Data fitting system with SciPy.

Package Documentation

Check out the example fits on Fitalyzer. See the Fitalyzer README for details on how to use Fitalyzer for visualizing your fits.

Documentation

Documentation generated from source with pdoc for the latest version is hosted at packages.python.org/scipy-data_fitting/.

To get started quickly, check out the examples.

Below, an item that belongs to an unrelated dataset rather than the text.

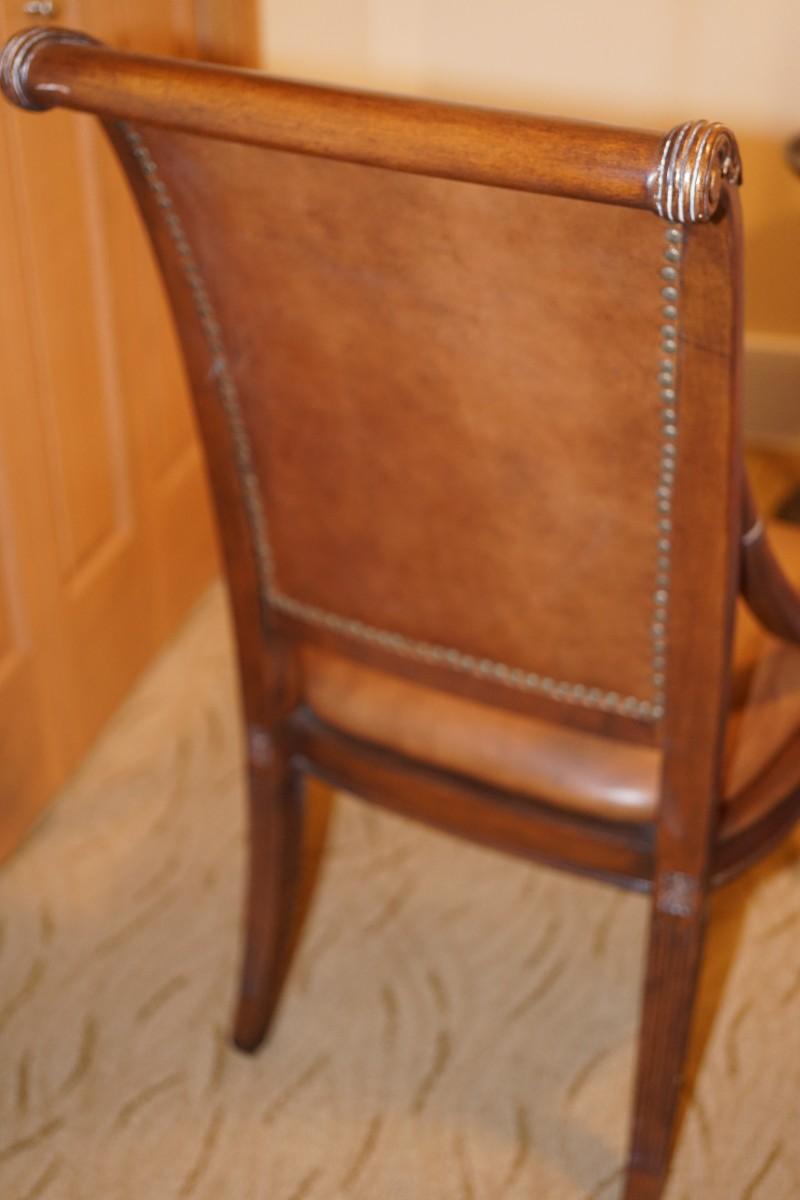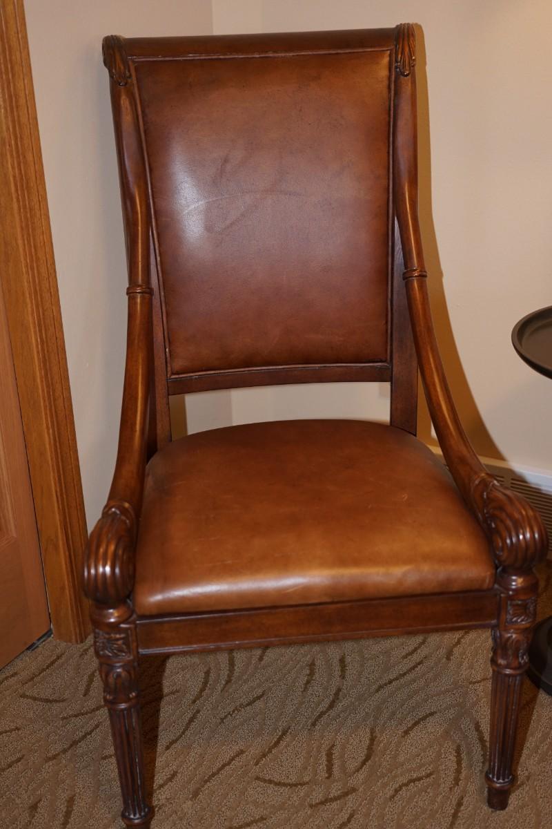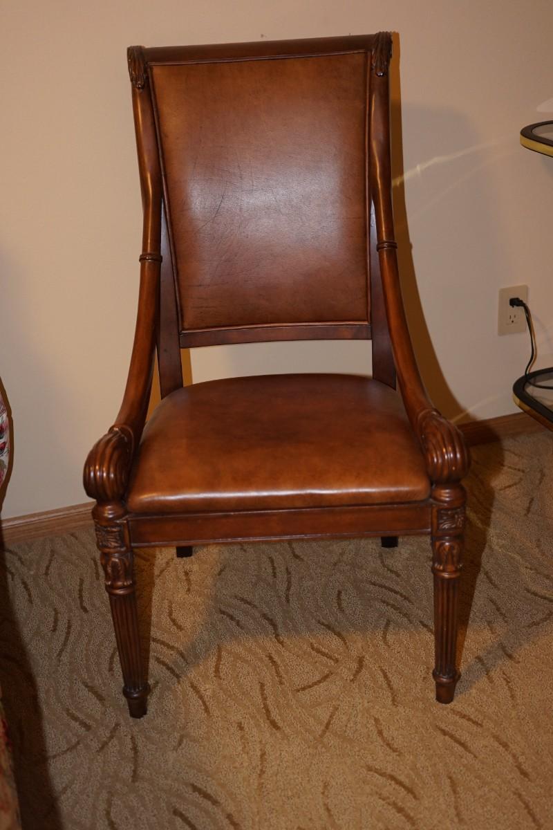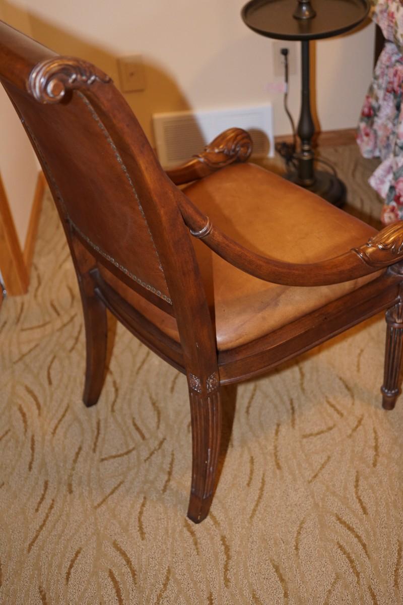 HOOKER DESIGN HIGH BACK SIDE CHAIR W/ BROWN LEATHER UPHOLSTERY /CARVED WOOD FRAME.
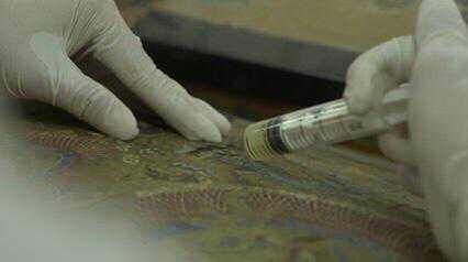 修复屏风时遇到了很多困难,比如木头收缩形成裂缝,如果只是单纯的让缝隙变严,则会改变屏风原有尺寸,所以为了不改变它的尺寸,只能在缝隙中摘嵌条,保证了之前文物不再动它,只是再给它附加了一部分,相当于是可逆的一部分,还会遇到木材生虫、发黒霉、对于屏风的清理等诸多问题。

Then, refer to the source documentation for details on how to use each class.

Basic usage

from scipy_data_fitting import Data, Model, Fit, Plot

# Load data from a CSV file.
data = Data('linear')
data.path = 'linear.csv'
data.error = (0.5, None)

# Create a linear model.
model = Model('linear')
model.add_symbols('t', 'v', 'x_0')
t, v, x_0 = model.get_symbols('t', 'v', 'x_0')
model.expressions['line'] = v * t + x_0

# Create the fit using the data and model.
fit = Fit('linear', data=data, model=model)
fit.expression = 'line'
fit.independent = {'symbol': 't', 'name': 'Time', 'units': 's'}
fit.dependent = {'name': 'Distance', 'units': 'm'}
fit.parameters = [
    {'symbol': 'v', 'guess': 1, 'units': 'm/s'},
    {'symbol': 'x_0', 'value': 1, 'units': 'm'},
]

# Save the fit result to a json file.
fit.to_json(fit.name + '.json', meta=fit.metadata)

# Save a plot of the fit to an image file.
plot = Plot(fit)
plot.save(fit.name + '.svg')
plot.close()

Controlling the fitting process

The above example will fit the line using the default algorithm `scipy.optimize.curve_fit <http://docs.scipy.org/doc/scipy/reference/generated/scipy.optimize.curve_fit.html>`__.

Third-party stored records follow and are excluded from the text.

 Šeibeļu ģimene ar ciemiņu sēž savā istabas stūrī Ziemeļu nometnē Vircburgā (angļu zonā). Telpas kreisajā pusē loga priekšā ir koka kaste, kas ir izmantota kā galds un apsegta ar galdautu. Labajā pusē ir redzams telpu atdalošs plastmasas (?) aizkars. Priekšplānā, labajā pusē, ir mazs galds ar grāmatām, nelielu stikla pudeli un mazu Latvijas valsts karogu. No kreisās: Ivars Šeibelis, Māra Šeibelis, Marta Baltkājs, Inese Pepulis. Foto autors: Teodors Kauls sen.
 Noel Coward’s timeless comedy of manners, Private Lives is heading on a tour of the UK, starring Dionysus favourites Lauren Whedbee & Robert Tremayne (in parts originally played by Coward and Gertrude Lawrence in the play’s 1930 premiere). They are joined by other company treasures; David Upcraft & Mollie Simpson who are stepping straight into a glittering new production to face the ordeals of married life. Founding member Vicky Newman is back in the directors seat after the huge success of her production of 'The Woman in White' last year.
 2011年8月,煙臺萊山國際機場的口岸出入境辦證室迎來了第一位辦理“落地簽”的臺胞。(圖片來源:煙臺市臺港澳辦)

For a linear fit, it may be more desirable to use a more efficient algorithm.

For example, to use `numpy.polyfit <http://docs.scipy.org/doc/numpy/reference/generated/numpy.polyfit.html>`__, one could set a fit_function and allow both parameters to vary,

fit.parameters = [
    {'symbol': 'v', 'guess': 1, 'units': 'm/s'},
    {'symbol': 'x_0', 'guess': 1, 'units': 'm'},
]
fit.options['fit_function'] = lambda f, x, y, p0, **op: (numpy.polyfit(x, y, 1), )

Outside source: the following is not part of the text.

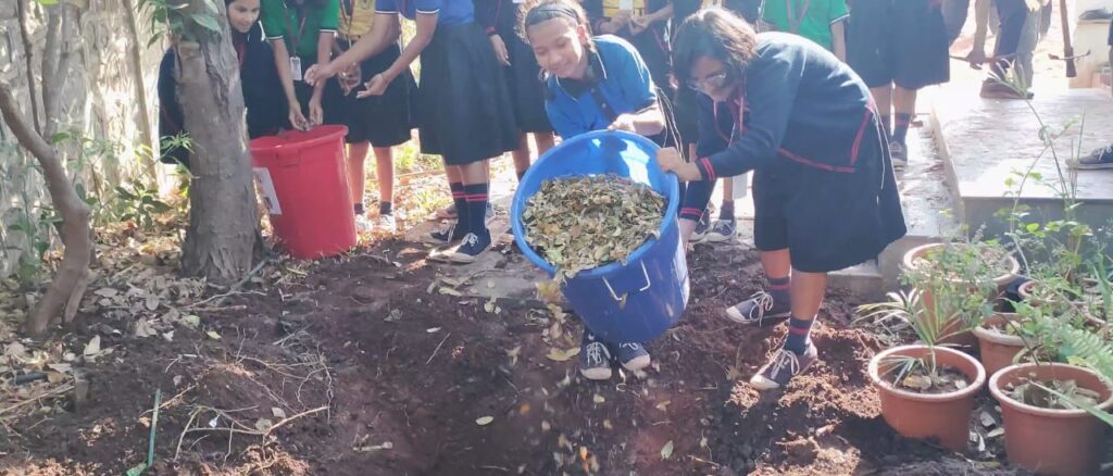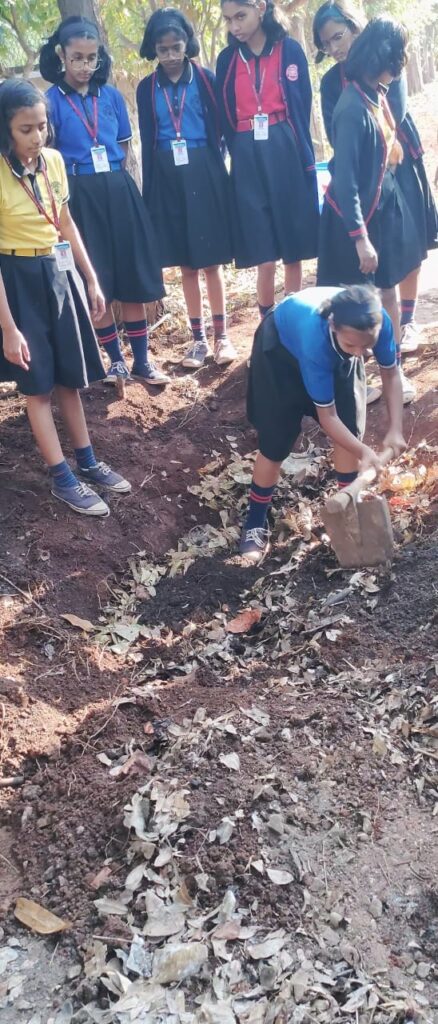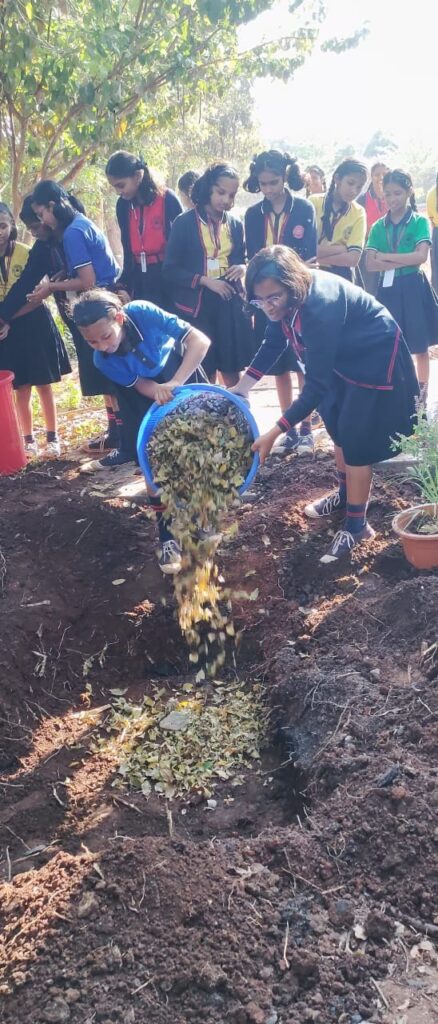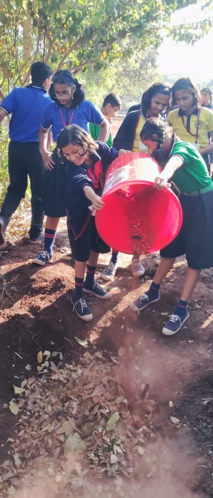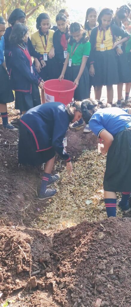 1. Collection of Organic Waste: Students collected food waste, leaves, and other organic materials from the school garden.

Controlling the fitting process this way allows, for example, incorporating error values and computing and returning goodness of fit information.

See `scipy_data_fitting.Fit.options <http://packages.python.org/scipy-data_fitting/#scipy_data_fitting.Fit.options>`__ for further details on how to control the fit and also how to use lmfit.

Installation

This package is registered on the Python Package Index (PyPI) at pypi.python.org/pypi/scipy-data_fitting.

Add this line to your application’s requirements.txt:

scipy-data_fitting

And then execute:

$ pip install -r requirements.txt

Or install it yourself as:

$ pip install scipy-data_fitting

Depending on your system configuration, you may need to run the above commands with sudo. Alternatively, you may want to use a virtualenv, which is beyond the scope of this documentation.

Note that the large scientific packages such as NumPy, SciPy, and matplotlib may also be available via your system’s package manager.

To live on the bleeding edge, instead of the package name scipy-data_fitting, you can use this repository directly with

git+https://github.com/razor-x/scipy-data_fitting.git@master#egg=scipy-data_fitting

Note about dependency versions

This package intentionally does not specify dependency versions. Thus, pip will use whatever required packages are currently installed or fetch the latest available version for missing dependencies.

If you want to control what package versions are used, you should specify them explicitly in your project’s own requirements.txt.

Development

Source Repository

The source is hosted at GitHub. Fork it on GitHub, or clone the project with

$ git clone https://github.com/razor-x/scipy-data_fitting.git

Install dependencies with

$ pip install -r requirements.txt

and install the package in development mode with

$ python setup.py develop

Depending on your system configuration, you may need to run the above command with sudo or use a virtualenv.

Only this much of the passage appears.